# Sparse Gaussian Process: an exploration

**Computational Statistics Project (2021-22). Jaime Enríquez Ballesteros.**

"*Gaussian process (GP) models are flexible probabilistic nonparametric models for regression,
classification and other tasks. Unfortunately they suffer from computational intractability for
large data sets. Over the past decade there have been many different approximations
developed to reduce this cost. Most of these can be termed global approximations, in that they
try to summarize all the training data via a small set of support points. A different approach is
that of local regression, where many local experts account for their own part of space. In this
project we are interested to study the regimes in which these different approaches work well
or fail, and then apply a new sparse GP approximation which is a combination of both the
global and local approaches, and look extremely promising.*"

General imports:

In [None]:
import GPflow.gpflow as gpflow
import numpy as np
import tensorflow as tf
import matplotlib.pyplot as plt

from GPflow.gpflow.config import default_float, default_jitter
from GPflow.gpflow.utilities import print_summary, set_trainable, to_default_float
from GPflow.gpflow.models import maximum_log_likelihood_objective, training_loss_closure
from GPflow.gpflow.ci_utils import ci_niter

from sklearn.metrics import mean_squared_error

from timeit import default_timer as timer

import scipy

## Introduction

This project covers different techniques which might be used when wanting to use a Gaussian Process Regression while having a big dataset. As it will be shown, this is a big problem since as the dataset being used gets bigger, the problem becomes computationally intractable.

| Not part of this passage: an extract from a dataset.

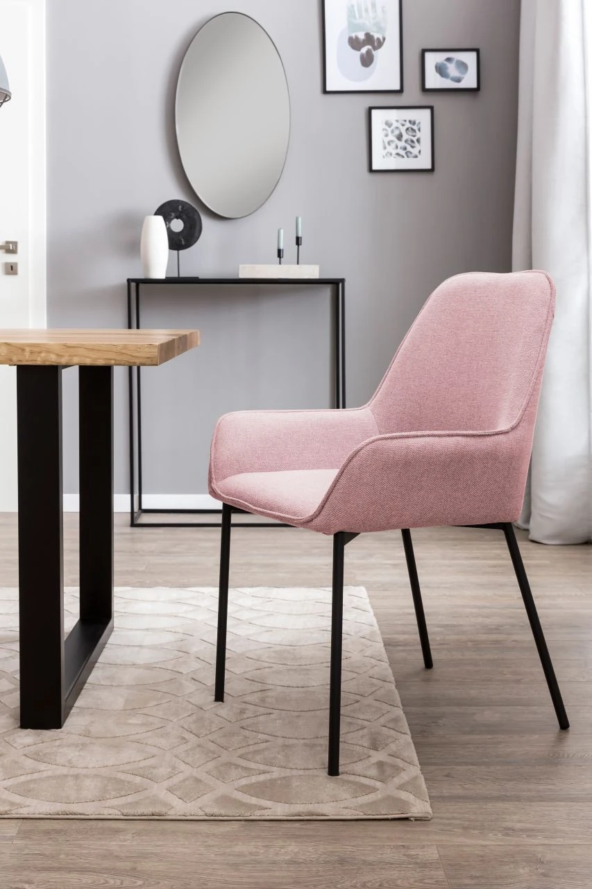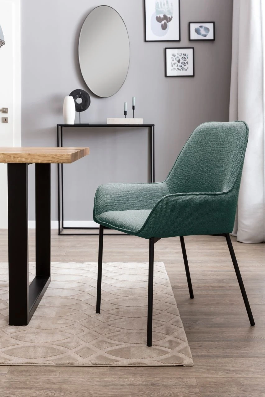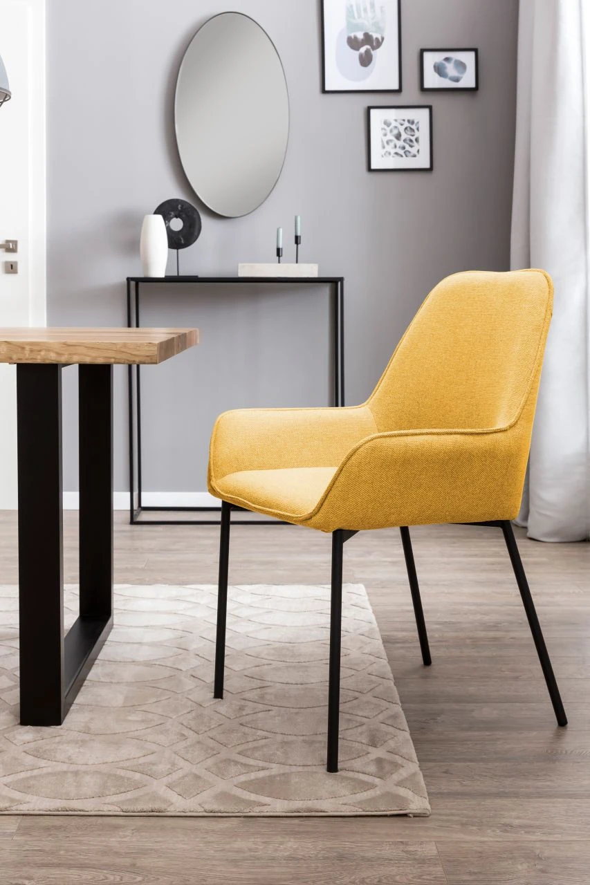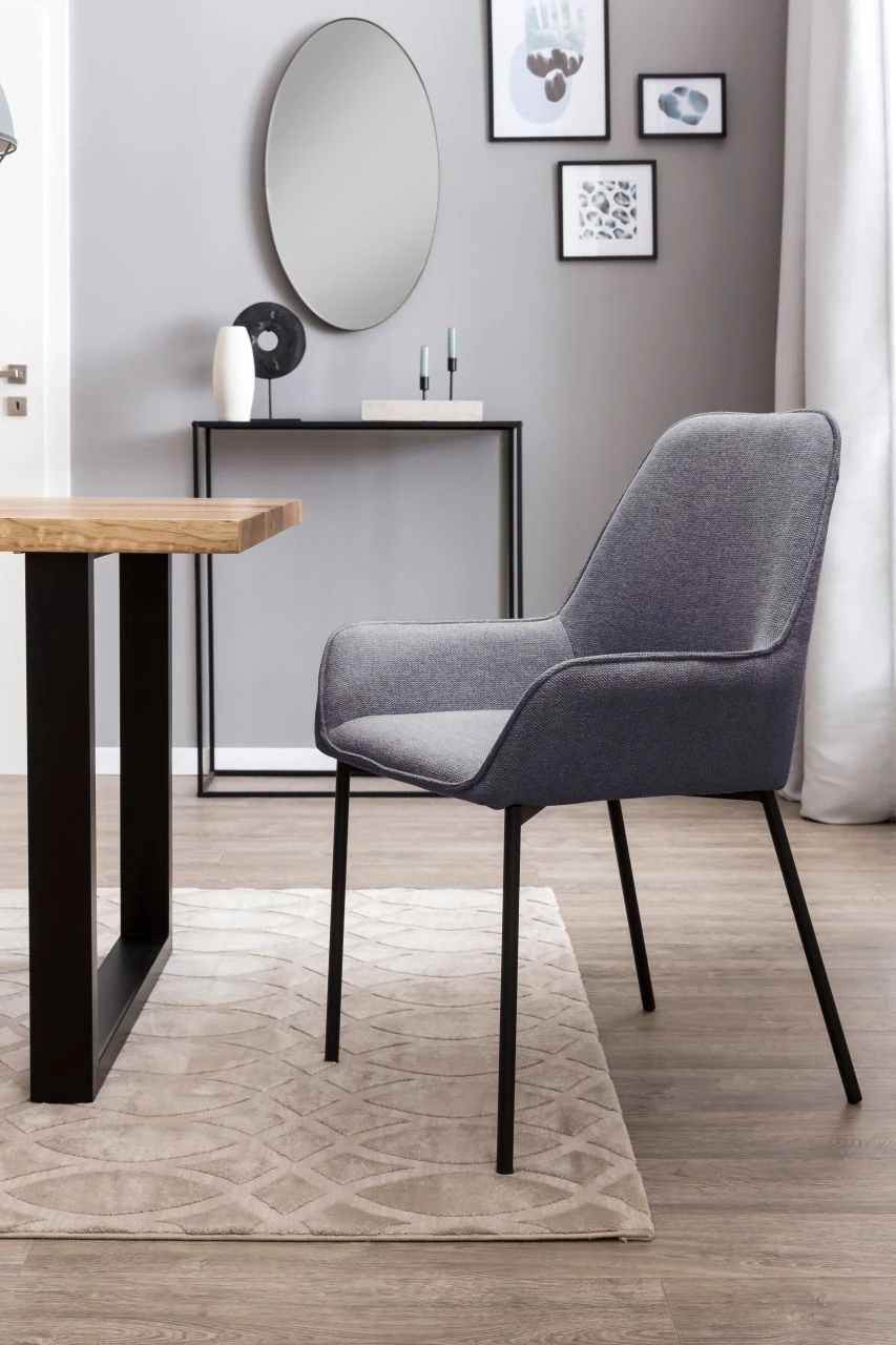 Der moderne Polsterstuhl im 2er Set besticht durch seinen Bezug aus groben Strukturstoff und überzeugt mit seiner Polsterung an Sitz- und Rückenfläche. Das leicht ausgestellte 4 Fuß Gestell ist aus Metall in schwarz matt und gewährleistet nicht nur einen sicheren Stand, sondern bietet auch einen großartigen Kontrast zum Bezug des Stuhles. Durch die bequeme Polsterung, die Rückenlehne und die Armlehnen entsteht ein angenehmer Sitzkomfort der Extraklasse. Der Stoffbezug des Armlehnstuhls ist sehr pflegeleicht und strapazierfähig. Kleinere Verschmutzungen mit etwas Wasser und Neutralseife reinigen. Die Stuhlbeine können mit einem trockenen Baumwolltuch, aber auch leicht feucht, abgewischt werden.

The solution at hand is that of Sparse Gaussian Process Regression, which try to approximate the posterior distribution of the real Gaussian Process Regression model without loosing too much information about the data.Two main groups can be distinguished: local and global methods. Several models have been proposed which combine "*the best of both worlds*": a combination between both. All of these will be explained in the following sections.

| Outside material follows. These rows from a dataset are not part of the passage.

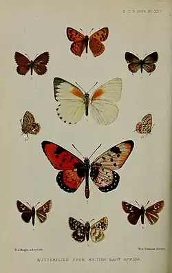 - Butler, A. G., 1899. On two small collections of butterflies made by Mr. Richard Crawshay during 1898 in British East Africa. Proceedings of the Zoological Society of London 1899: 417–427, BHL. Reference page.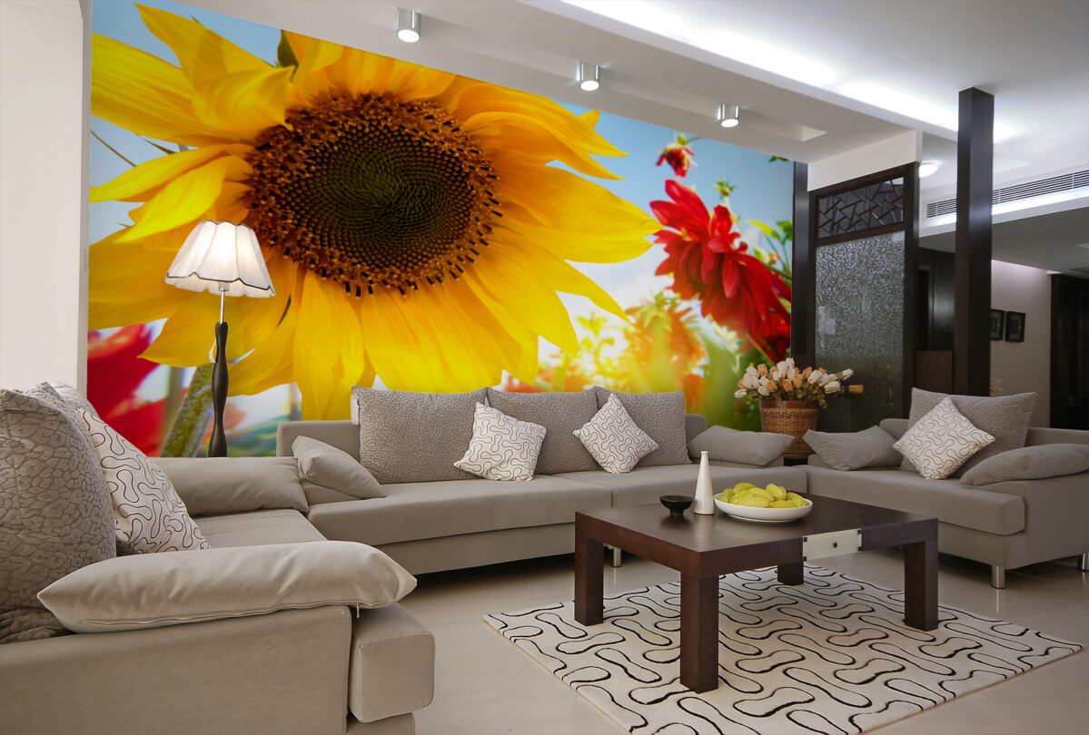 Tapeta Fototapeta jasny słonecznik w słoneczny dzień (artykuł a95810 ) z kategorii Fototapety Popularne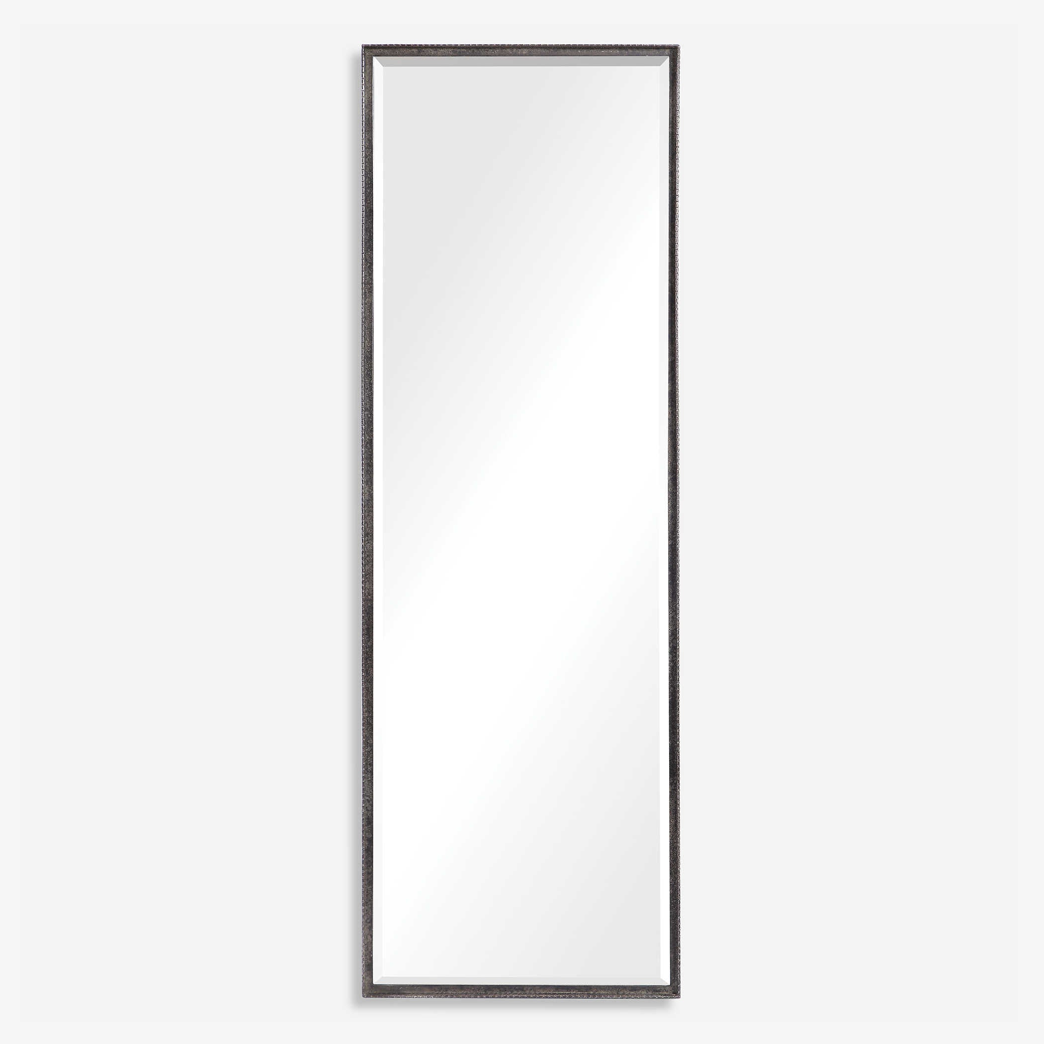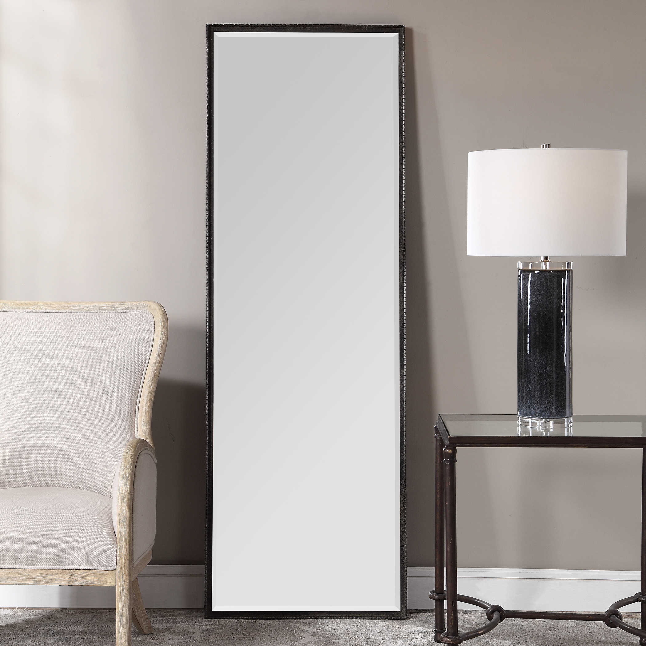 This Simple Vanity Mirror Features An Iron Construction With Detailed Edges. The Slight Profile Frame Is Finished In A Distressed Rustic Black With Aged Champagne Highlights. May Be Hung Horizontal Or Vertical.

The project is focused in understanding GPR and SGPR, with the help of the articles by *Snelson and Ghahramani(2007)* and *Titsias (2009)* (found at the bottom of the document). The principal focus is made on the former. A reproducibility objective seems interesting with regard to this articles, as well as an expansion with an external database.

The programming framework used to model Gaussian Processes is *GPFlow* (https://www.gpflow.org/): similar to GPyTorch, only implemented through TensorFlow.

As a sidenote about the framework, we have to take into mind that not EVERY possibility is available among the huge world of Gaussian Processes. It is also a young framework, with little documentation.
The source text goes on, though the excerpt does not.